# Technical Document Extraction: Bar Chart Analysis
## Chart Overview
- **Type**: Grouped bar chart comparing F1-Scores across GPT model variants and methods.
- **Purpose**: Evaluate performance of different generative models/methods on a classification task.
## Axes
- **X-Axis (Categories)**:
- `Instruct GPT`
- `GPT-3.5`
- `GPT-3.5(10%)`
- `GPT-4`
- **Y-Axis (Metric)**:
- **Title**: `F1-Score`
- **Range**: 40–80 (increments of 10)
- **Units**: Not specified (assumed unitless score)
## Legend
- **Labels & Colors**:
- `Best BSL` → Dark purple (`#4B0082`)
- `ClinGen w/KG` → Red (`#FF0000`)
- `ClinGen w/LLM` → Orange (`#FFA500`)
## Data Points
### Group 1: `Instruct GPT`
- `Best BSL`: ~55
- `ClinGen w/KG`: ~58
- `ClinGen w/LLM`: ~57
### Group 2: `GPT-3.5`
- `Best BSL`: ~67
- `ClinGen w/KG`: ~75
- `ClinGen w/LLM`: ~73
### Group 3: `GPT-3.5(10%)`
- `Best BSL`: ~64
- `ClinGen w/KG`: ~69
- `ClinGen w/LLM`: ~68
### Group 4: `GPT-4`
- `Best BSL`: ~68
- `ClinGen w/KG`: ~74
- `ClinGen w/LLM`: ~73
## Key Trends
1. **Performance Scaling**:
- F1-Scores generally increase with model capability (Instruct GPT → GPT-4).

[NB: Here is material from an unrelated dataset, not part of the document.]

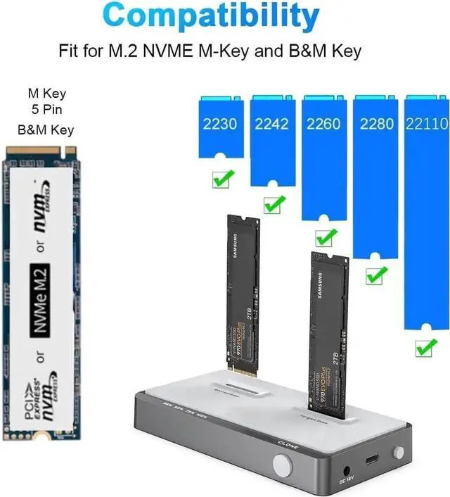 2\u20e3Portable External Storage & High SpeedThis M. 2 hard drive enclosure is specially designed for M/B&M Key NVMe PCIe SSD(22110/2280/ 2260/ 2242). High performance, 10Gbps high speed, it support 2 8TB SSD capacity to transfer data. And M. 2 hard disk reads and writes speed of most M2 NVMe SSDs is 992M/S. Offline clone or to expand storage capacity by connecting PC, Laptop computers, smart TVs, PS4, XBOX and other devices.

- `ClinGen w/KG` consistently outperforms other methods across all models.
2. **Method Comparison**:
- `ClinGen w/KG` > `ClinGen w/LLM` > `Best BSL` (in most cases).
- `Best BSL` shows diminishing returns in larger models (e.g., GPT-4).
3. **10% Subset Impact**:
- `GPT-3.5(10%)` scores are ~3–5 points lower than full `GPT-3.5` for all methods.
## Validation
- Legend colors match bar colors in all groups.
- No overlapping categories or missing labels.
- All axis markers and textual annotations are accounted for.